Grand Tour in Spain and Portugal
Esto me suena a chino. It’s a matter of understanding. If we travel around the world, we expect more than just drinking a Martini and strolling along endless sandy beaches. If we want to open up new horizons, it is because we want to understand the unknown and question our beliefs and ideas. We probably go out into the world expecting answers, but we come back with new questions. When we had the answers, the questions changed (Aldous Huxley).

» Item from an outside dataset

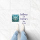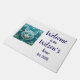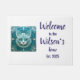 Weiße Türmchen mit einer aquamarinen, blauen Katzenfliese, inspiriert von Jugendstil-Fliesen, personalisiert mit Ihrem Familiennamen und dem Datum der Einrichtung. Perfekt als Geschenk für ein Party, das sich im Haus aufwärmt.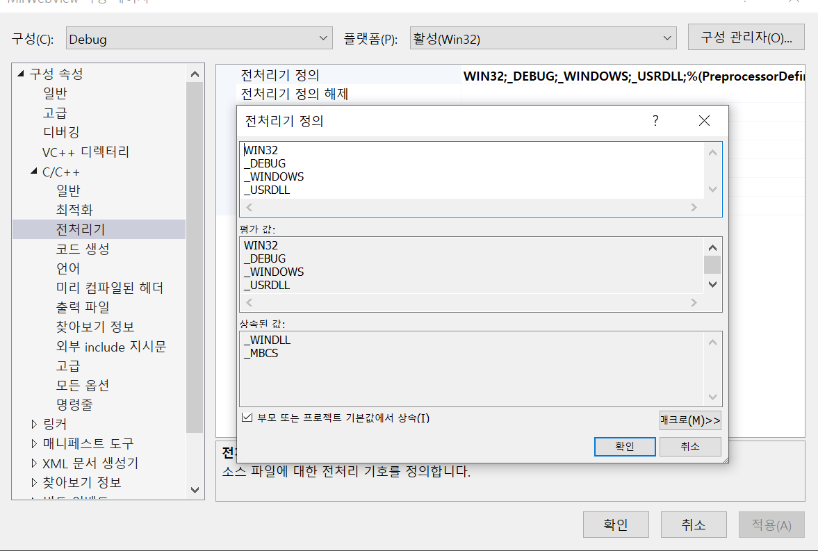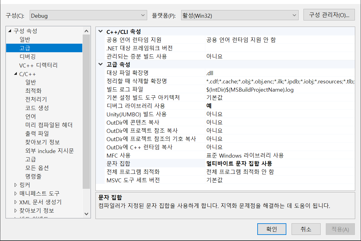 이렇게 전처러기를 멀티바이트(_MBCS)로 설정한다. 유니코드시 상속된값에 _UNICODE, UNICDE가 둘 다 설정된다.

For three weeks 12 Chinese architecture students travelled by bus on a classic Grand Tour of the Iberian Peninsula. Organized and guided by members of Guiding Architects: Madrid, Valencia, Granada, Cordoba, Seville, Lisbon, Porto, Asturias, Bilbao, San Sebastian, Barcelona and Girona. The aim was, of course, to get to know first-hand the new contemporary architecture of Spain and Portugal. It seems that world-famous architecture, such as the Ciutat de les Arts i les Ciències of Calatrava in Valencia, the Guggenheim Museum in Bilbao or the Reina Sofía Museum of Nouvell in Madrid, seemed more interesting than expected; but what impressed them most was the background of architectural and urbanistic traditions and their management in Spain and Portugal.
2000 years of Iberian history condensed in architecture. The Muslim occupation until the 15th century, the Conquest of the Catholic Kings, the modern movement, the grey period of the dictatorships, democracy with the Olympics and the world exhibitions. Everything is reflected in the cities of Spain and Portugal. An attentive and educated traveller can read it like in an open history book.

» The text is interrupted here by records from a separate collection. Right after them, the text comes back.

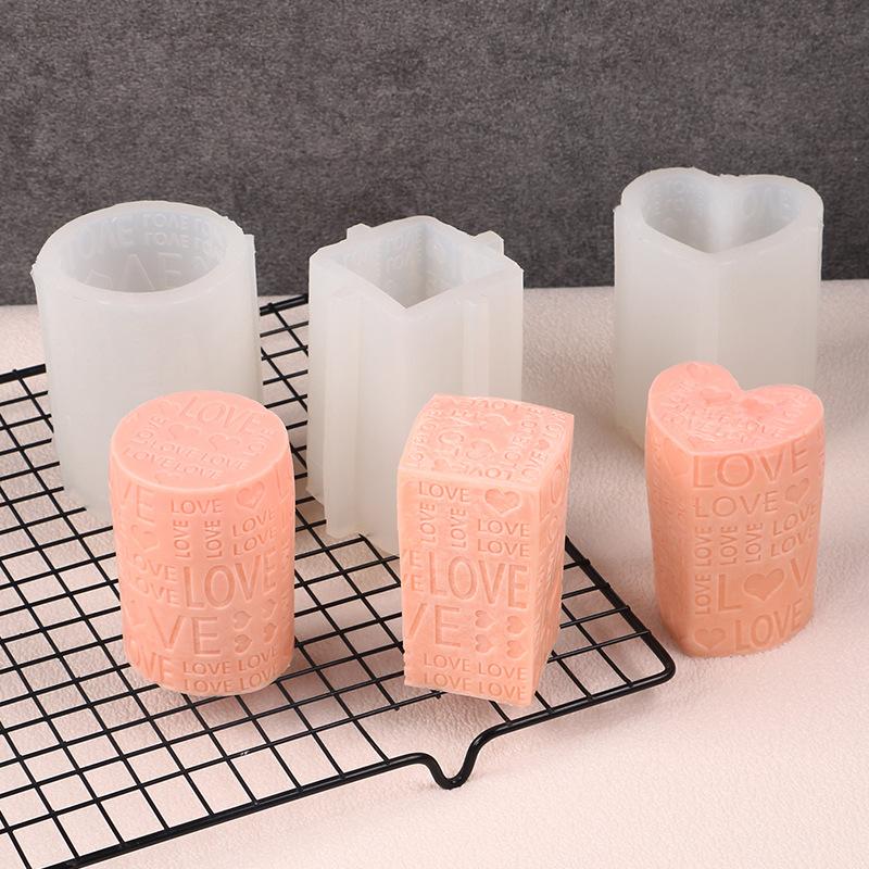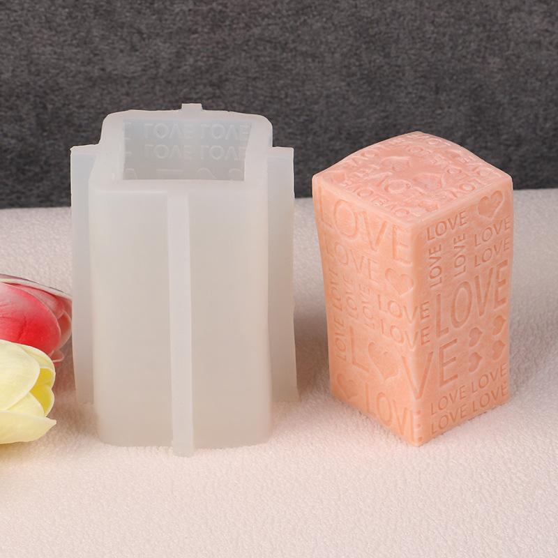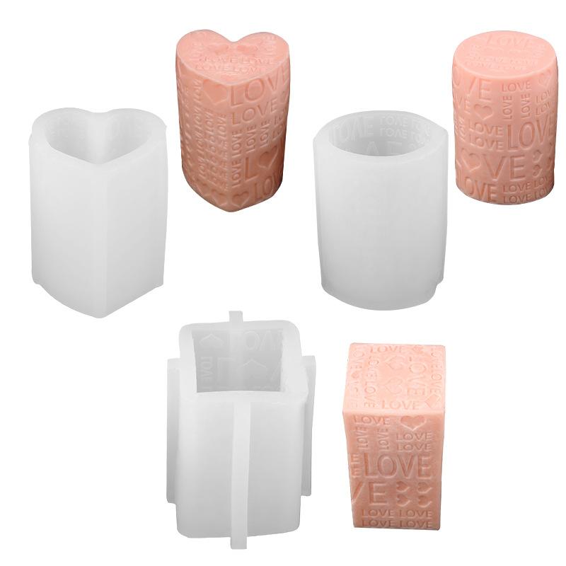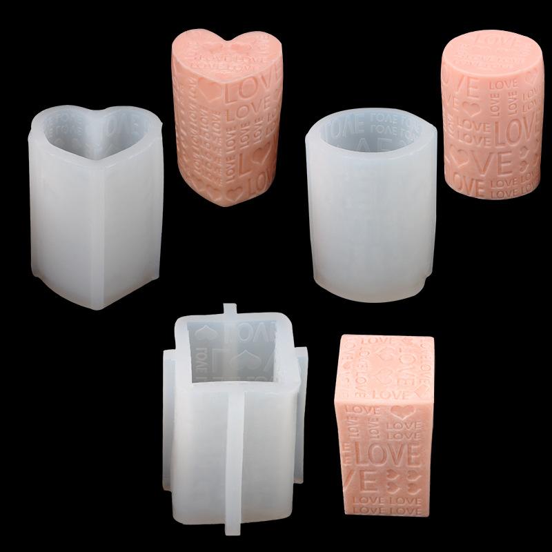 Molde de Goteo de Gel de Cristal DIY Amor Cuadrado Cilindro 3 Día de San Valentín Atmósfera Romántica Vela Pastel Molde de Silicona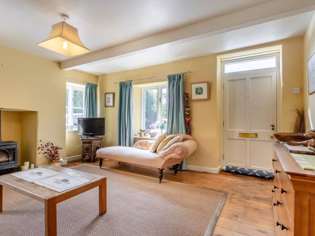 A roomy Victorian detached house set in sweeping countryside near Raglan, offering generous living space across multiple reception rooms and four double bedrooms. The principal suite includes an en‑suite; two further bathrooms and flexible reception space make this a comfortable family home. Large windows, high ceilings and a stone fireplace with wood‑burning stove retain period character while an Aga anchors the kitchen. Heating is by air‑source heat pump with radiators and electric backup.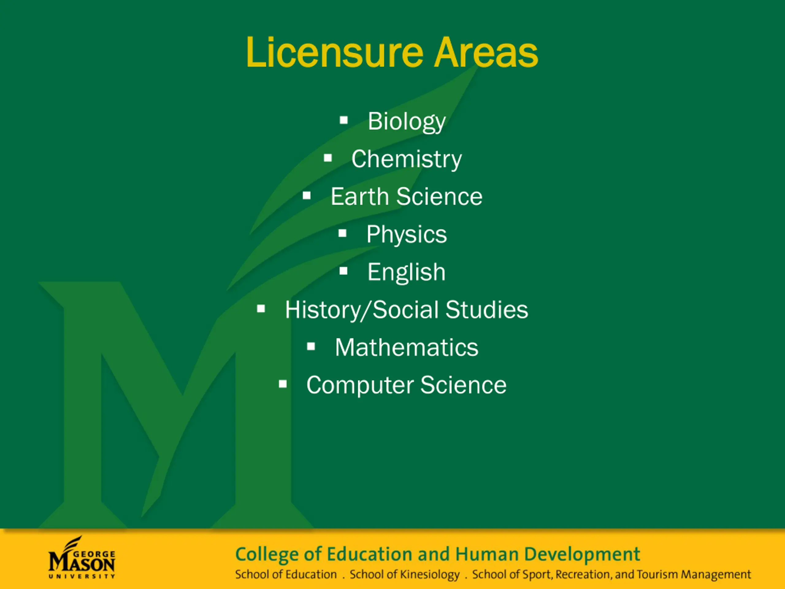 Licensure Areas Licensure Areas Biology Chemistry Earth Science Physics English History/Social Studies Mathematics Computer Science

The transformations of Islamic urban planning in Cordoba or Valencia constitute a radically new form of representation. The permanence and rewriting of architectural landmarks, from the Alhambra in Granada, the Mosque of Cordoba to the Sagrada Familia in Barcelona. Sensitive revitalisations of apparently obsolete fishing settlements such as El Cabanyal in Valencia or textile factories such as Can Framis in Barcelona. Instead of tabula rasa, there is a renewed reason for being.
An architectural guide is always a two-way dialogue. Why don’t you just move the huge container port of Valencia, which is blocking everything, about 50 kilometres up the coast,” asks Professor Ho. Sure, you would do it in China, Malaysia, Singapore. To think for once of the unthinkable. This is what a cultural exchange is all about.

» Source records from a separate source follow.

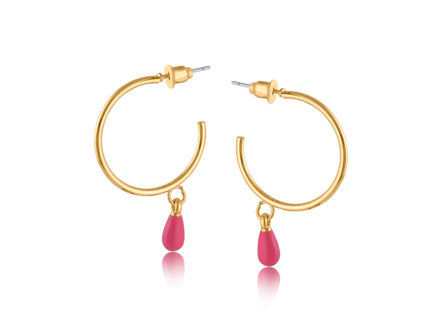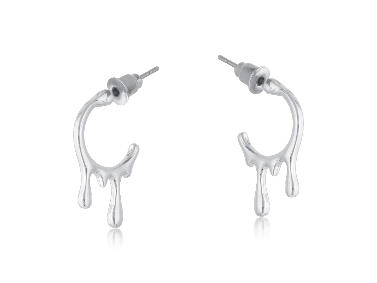 These fun hoop earrings feature a silver or gold plated paint drop effect. A playful addition to any look. At least 50% of the brass used in the jewellery we make is recycled from leftover/overhead brass. All posts are hypoallergenic made from surgical steel.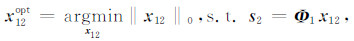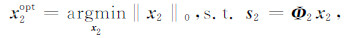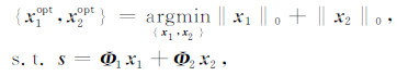 式中,‖·‖0为l0范数,建立针对信号稀疏程度的一种度量.优化问题(1)本质上是通过对信号s1进行超完备变换,获得在字典Φ1中非常稀疏的表示系数x1.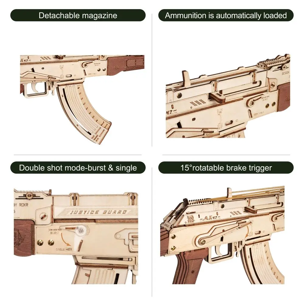 Robotime Rokr Automatic Rifle AK47 3D Wooden Gun Funny DIY Building Block Toys for Kids Adults Justice Guard Wooden PuzzleLQ901

Translations processes – Grand Tour Spain Portugal
In the current Chinese Year of the Rat, we understand that this furry animal has a different connotation in China than ours, in the same way that our Chinese are surprised by the Spanish appreciation for the proud bull. The architectural guides are a translation process. First of all, the most specific: a Chinese person hardly understands anything about the menu in a restaurant. But what is really important is to translate the connotations, the cultural differences. At Guiding Architects, we explain the stories behind the images and, in addition to the architectural concepts, we are also interested in the economic, social and political context. This allows us to find the right questions in an unknown social context.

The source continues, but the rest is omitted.